START Study material
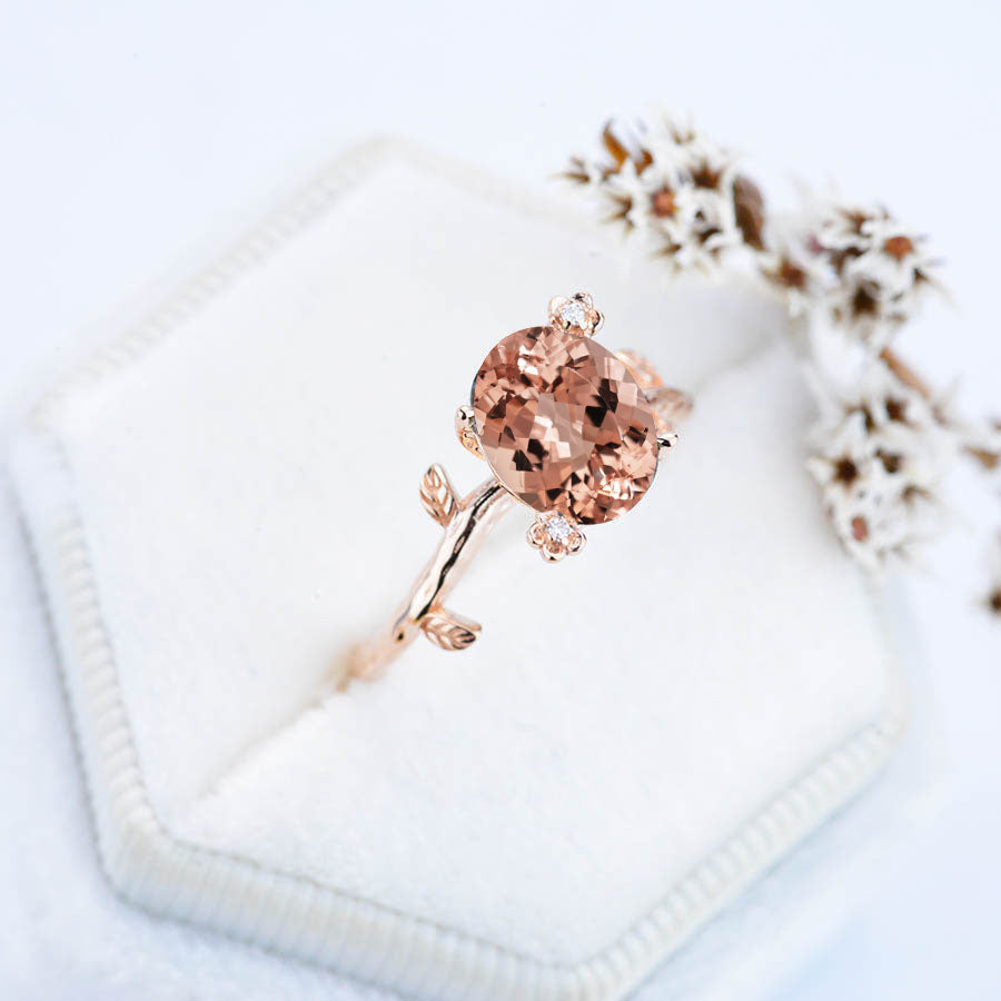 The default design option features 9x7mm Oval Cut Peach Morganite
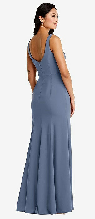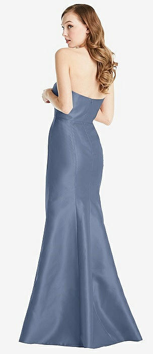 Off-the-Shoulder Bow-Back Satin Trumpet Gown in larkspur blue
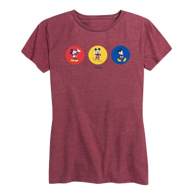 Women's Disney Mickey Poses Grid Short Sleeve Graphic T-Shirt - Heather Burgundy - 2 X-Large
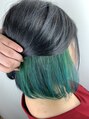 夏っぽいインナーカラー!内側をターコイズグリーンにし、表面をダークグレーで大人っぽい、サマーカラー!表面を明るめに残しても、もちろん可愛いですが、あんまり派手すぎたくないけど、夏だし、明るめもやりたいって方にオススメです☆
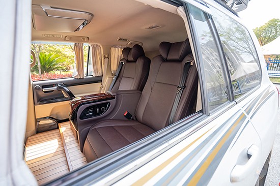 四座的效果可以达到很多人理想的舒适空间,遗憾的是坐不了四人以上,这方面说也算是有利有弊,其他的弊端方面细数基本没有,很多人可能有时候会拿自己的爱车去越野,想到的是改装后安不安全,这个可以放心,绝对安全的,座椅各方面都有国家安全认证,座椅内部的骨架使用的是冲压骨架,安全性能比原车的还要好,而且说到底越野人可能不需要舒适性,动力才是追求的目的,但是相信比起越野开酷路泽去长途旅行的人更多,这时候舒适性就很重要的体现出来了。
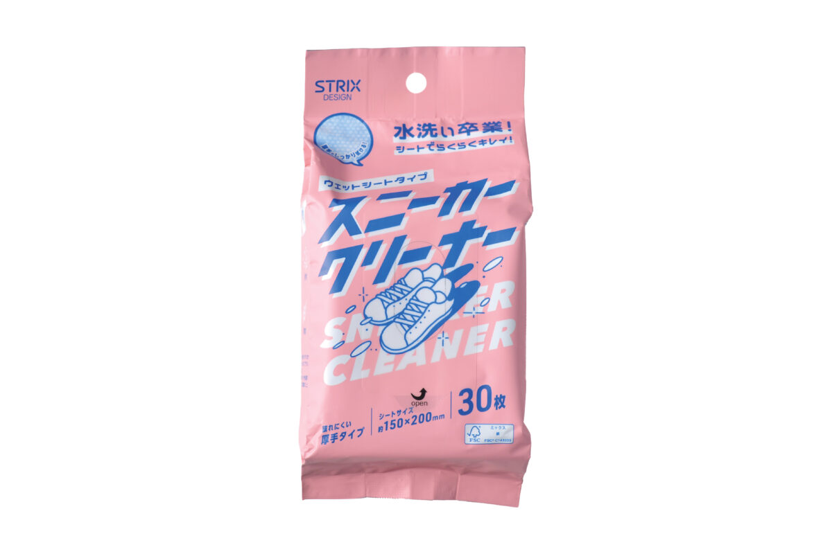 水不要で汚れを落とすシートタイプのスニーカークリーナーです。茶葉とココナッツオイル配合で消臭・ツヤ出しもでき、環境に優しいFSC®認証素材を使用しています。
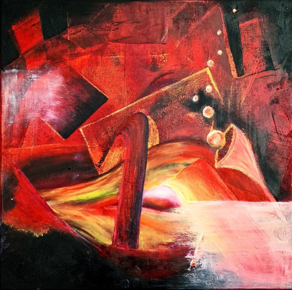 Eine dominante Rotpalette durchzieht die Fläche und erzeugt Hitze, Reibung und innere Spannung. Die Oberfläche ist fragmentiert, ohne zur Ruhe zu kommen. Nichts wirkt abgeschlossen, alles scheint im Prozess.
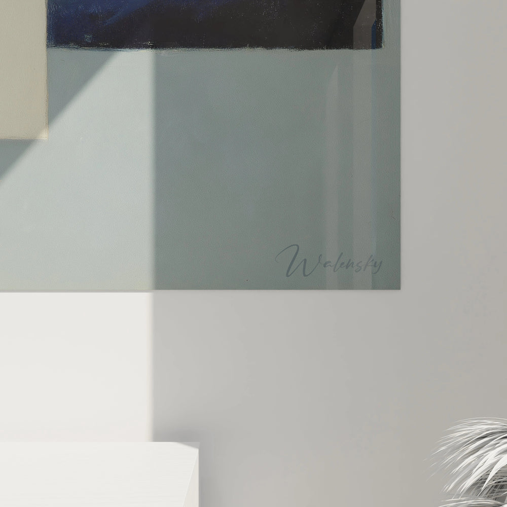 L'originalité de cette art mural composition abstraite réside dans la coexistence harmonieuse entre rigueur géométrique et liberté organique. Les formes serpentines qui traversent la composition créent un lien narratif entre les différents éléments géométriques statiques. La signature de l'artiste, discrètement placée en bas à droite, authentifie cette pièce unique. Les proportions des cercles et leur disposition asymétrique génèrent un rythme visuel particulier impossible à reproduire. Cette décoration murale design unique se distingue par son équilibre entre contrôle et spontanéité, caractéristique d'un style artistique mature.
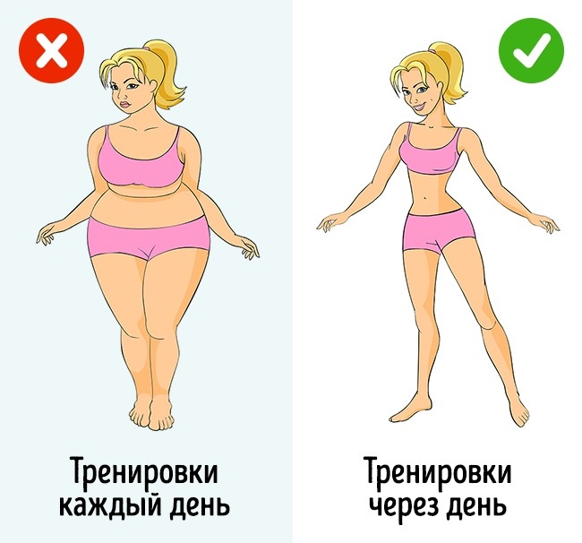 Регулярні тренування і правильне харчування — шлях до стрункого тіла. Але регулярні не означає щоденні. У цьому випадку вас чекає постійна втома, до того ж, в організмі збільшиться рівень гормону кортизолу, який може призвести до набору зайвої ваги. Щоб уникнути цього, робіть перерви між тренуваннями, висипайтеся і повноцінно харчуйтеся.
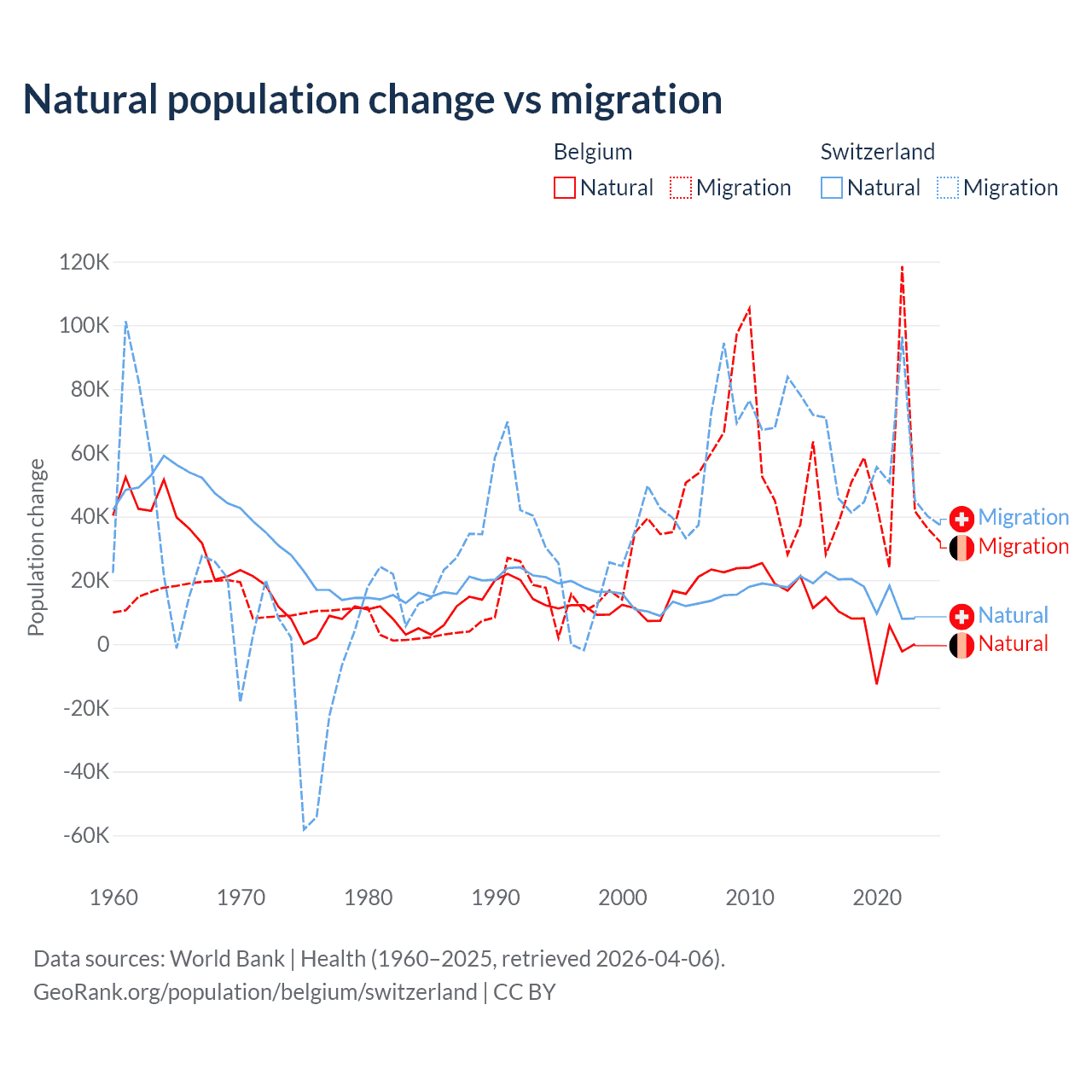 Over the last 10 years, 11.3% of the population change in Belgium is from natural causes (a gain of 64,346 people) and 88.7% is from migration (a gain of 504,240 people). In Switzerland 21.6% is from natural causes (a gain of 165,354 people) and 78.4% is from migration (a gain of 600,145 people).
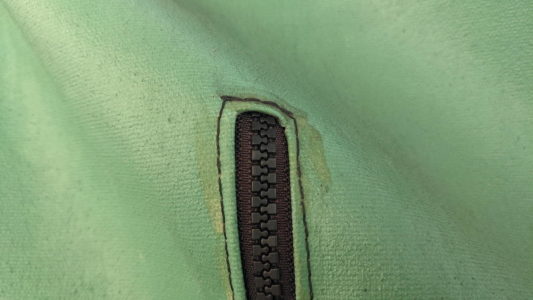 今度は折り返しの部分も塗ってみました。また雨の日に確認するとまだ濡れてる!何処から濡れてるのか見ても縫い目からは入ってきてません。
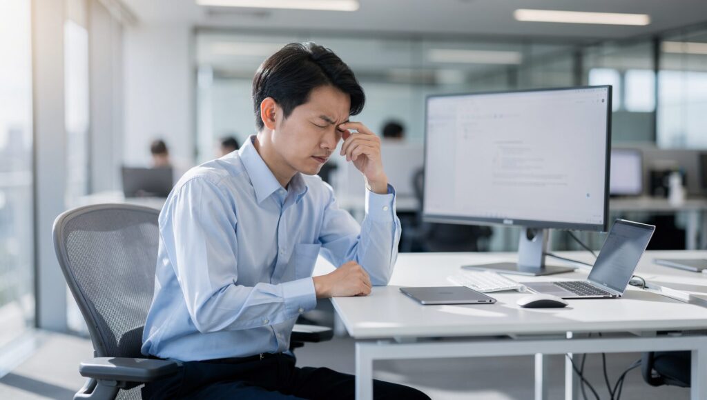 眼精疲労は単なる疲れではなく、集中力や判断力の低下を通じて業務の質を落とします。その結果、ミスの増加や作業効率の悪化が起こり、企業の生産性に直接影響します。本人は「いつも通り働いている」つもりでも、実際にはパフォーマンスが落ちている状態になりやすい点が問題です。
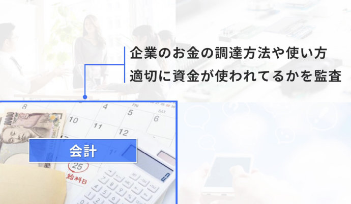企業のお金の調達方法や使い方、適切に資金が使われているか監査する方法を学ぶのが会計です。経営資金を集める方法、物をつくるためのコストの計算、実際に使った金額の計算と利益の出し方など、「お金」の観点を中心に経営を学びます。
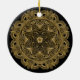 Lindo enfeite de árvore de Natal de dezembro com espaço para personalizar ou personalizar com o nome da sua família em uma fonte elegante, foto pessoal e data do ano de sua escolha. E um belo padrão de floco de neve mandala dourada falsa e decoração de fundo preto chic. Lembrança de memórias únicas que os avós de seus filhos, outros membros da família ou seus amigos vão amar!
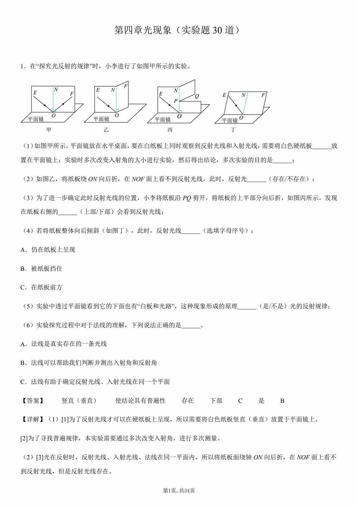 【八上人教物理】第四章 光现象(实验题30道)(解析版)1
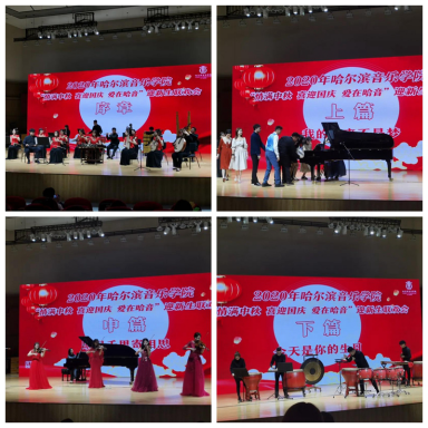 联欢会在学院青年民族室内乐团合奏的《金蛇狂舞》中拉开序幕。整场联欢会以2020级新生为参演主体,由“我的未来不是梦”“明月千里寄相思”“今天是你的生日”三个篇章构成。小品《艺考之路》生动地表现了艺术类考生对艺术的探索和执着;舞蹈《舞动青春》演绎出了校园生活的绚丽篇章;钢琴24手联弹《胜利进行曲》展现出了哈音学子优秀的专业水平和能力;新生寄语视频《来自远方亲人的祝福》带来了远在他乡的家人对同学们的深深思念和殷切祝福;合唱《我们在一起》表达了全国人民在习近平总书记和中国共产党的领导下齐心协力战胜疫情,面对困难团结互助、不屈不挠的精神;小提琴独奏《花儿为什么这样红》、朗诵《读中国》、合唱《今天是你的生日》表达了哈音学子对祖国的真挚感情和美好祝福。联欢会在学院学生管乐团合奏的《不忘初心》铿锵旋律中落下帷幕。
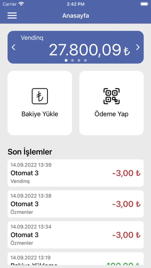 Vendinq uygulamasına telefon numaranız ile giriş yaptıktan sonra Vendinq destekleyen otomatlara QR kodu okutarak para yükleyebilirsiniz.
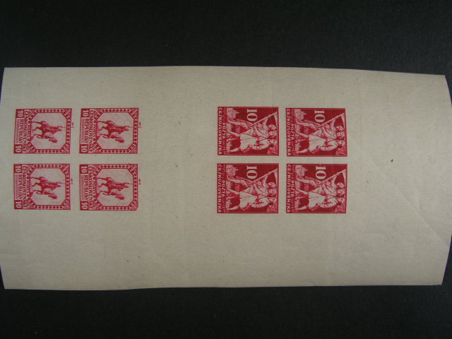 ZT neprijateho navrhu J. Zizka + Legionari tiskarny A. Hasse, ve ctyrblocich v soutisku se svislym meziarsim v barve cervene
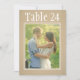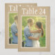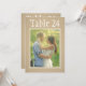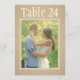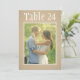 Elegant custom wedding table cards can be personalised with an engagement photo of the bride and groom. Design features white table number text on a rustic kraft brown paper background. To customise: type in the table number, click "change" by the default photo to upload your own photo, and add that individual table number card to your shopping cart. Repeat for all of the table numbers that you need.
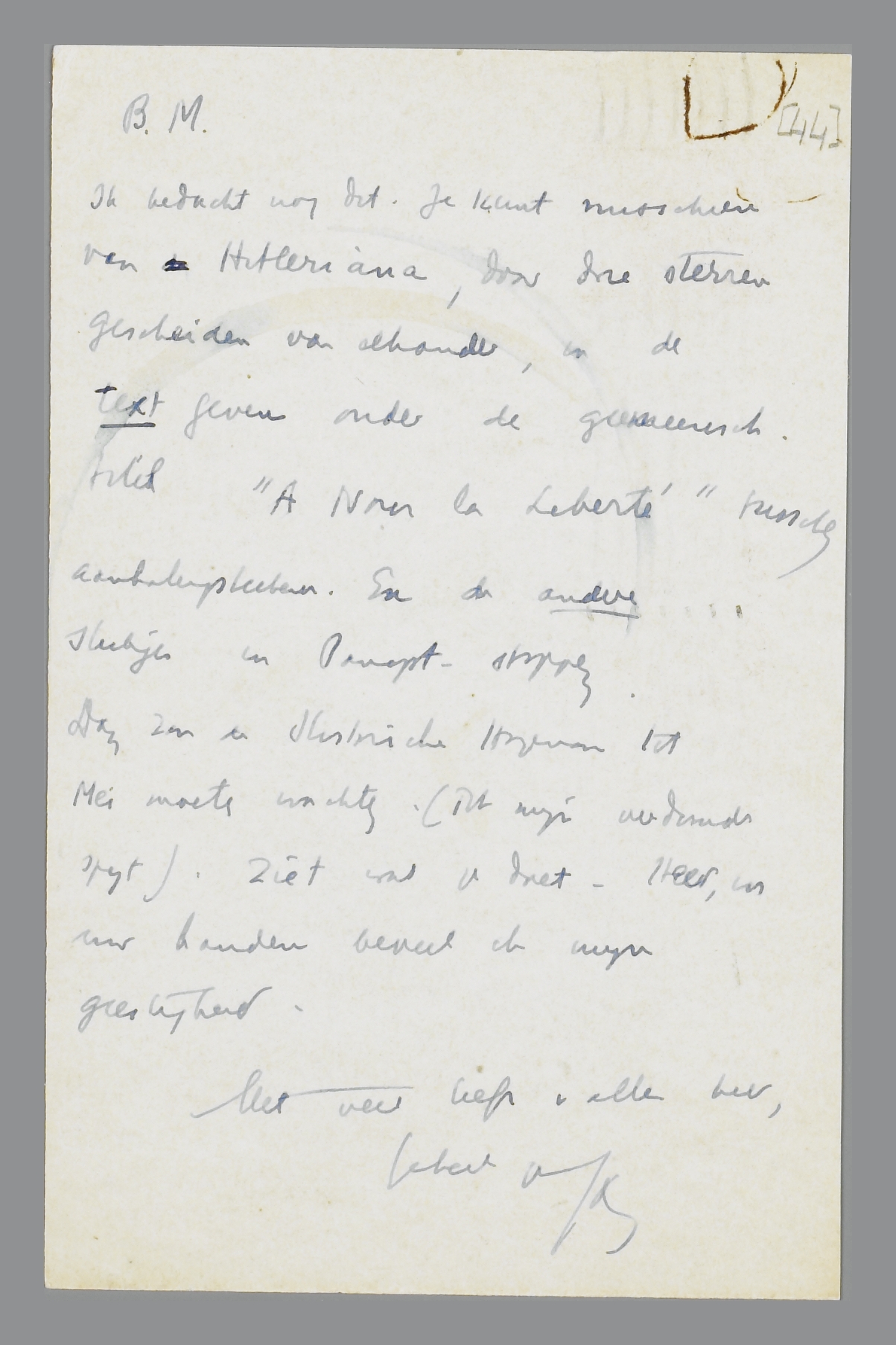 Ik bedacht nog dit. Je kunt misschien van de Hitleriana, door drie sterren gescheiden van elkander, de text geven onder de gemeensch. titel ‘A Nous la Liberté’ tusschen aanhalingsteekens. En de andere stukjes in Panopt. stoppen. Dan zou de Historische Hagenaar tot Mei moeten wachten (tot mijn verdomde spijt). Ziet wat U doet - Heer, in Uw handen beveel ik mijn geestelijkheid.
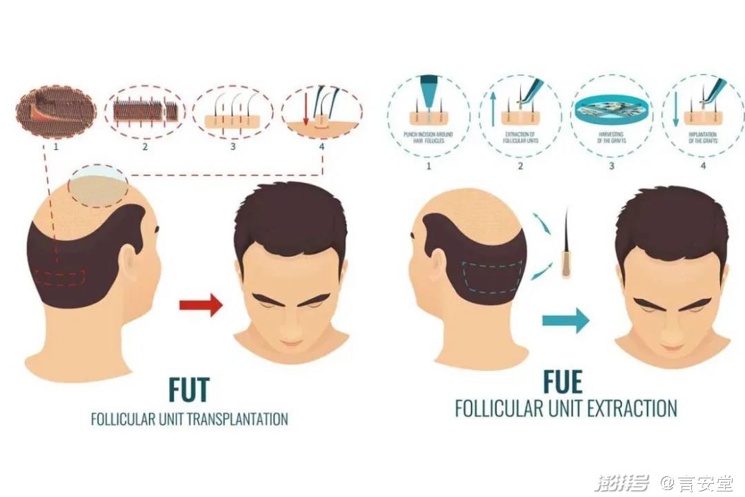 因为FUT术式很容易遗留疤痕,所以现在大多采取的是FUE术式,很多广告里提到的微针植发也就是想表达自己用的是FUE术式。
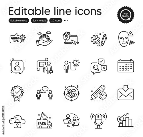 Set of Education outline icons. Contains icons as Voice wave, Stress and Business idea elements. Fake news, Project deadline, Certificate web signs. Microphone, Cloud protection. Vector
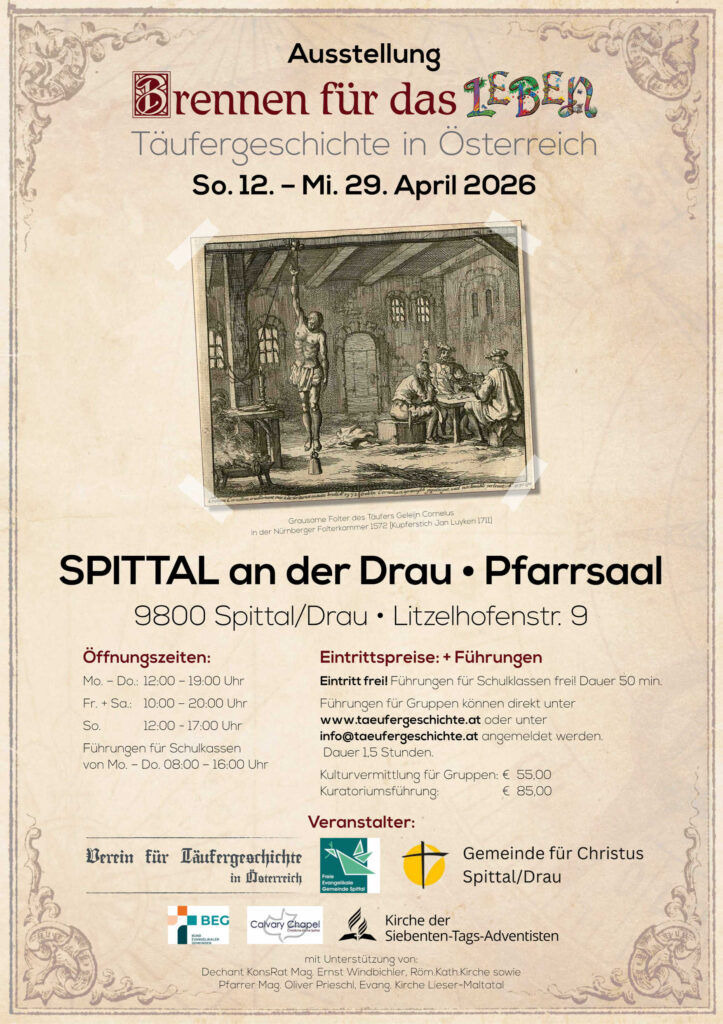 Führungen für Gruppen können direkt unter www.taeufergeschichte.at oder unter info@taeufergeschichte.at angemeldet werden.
END Study material
## Problem to work on
Set down exactly the lines above, from the line containing "L'originalité de cette" through the line containing "企業のお金の調達方法や使い方". Skip the pictures.

## The completed task
 L'originalité de cette art mural composition abstraite réside dans la coexistence harmonieuse entre rigueur géométrique et liberté organique. Les formes serpentines qui traversent la composition créent un lien narratif entre les différents éléments géométriques statiques. La signature de l'artiste, discrètement placée en bas à droite, authentifie cette pièce unique. Les proportions des cercles et leur disposition asymétrique génèrent un rythme visuel particulier impossible à reproduire. Cette décoration murale design unique se distingue par son équilibre entre contrôle et spontanéité, caractéristique d'un style artistique mature.
 Регулярні тренування і правильне харчування — шлях до стрункого тіла. Але регулярні не означає щоденні. У цьому випадку вас чекає постійна втома, до того ж, в організмі збільшиться рівень гормону кортизолу, який може призвести до набору зайвої ваги. Щоб уникнути цього, робіть перерви між тренуваннями, висипайтеся і повноцінно харчуйтеся.
 Over the last 10 years, 11.3% of the population change in Belgium is from natural causes (a gain of 64,346 people) and 88.7% is from migration (a gain of 504,240 people). In Switzerland 21.6% is from natural causes (a gain of 165,354 people) and 78.4% is from migration (a gain of 600,145 people).
 今度は折り返しの部分も塗ってみました。また雨の日に確認するとまだ濡れてる!何処から濡れてるのか見ても縫い目からは入ってきてません。
 眼精疲労は単なる疲れではなく、集中力や判断力の低下を通じて業務の質を落とします。その結果、ミスの増加や作業効率の悪化が起こり、企業の生産性に直接影響します。本人は「いつも通り働いている」つもりでも、実際にはパフォーマンスが落ちている状態になりやすい点が問題です。
企業のお金の調達方法や使い方、適切に資金が使われているか監査する方法を学ぶのが会計です。経営資金を集める方法、物をつくるためのコストの計算、実際に使った金額の計算と利益の出し方など、「お金」の観点を中心に経営を学びます。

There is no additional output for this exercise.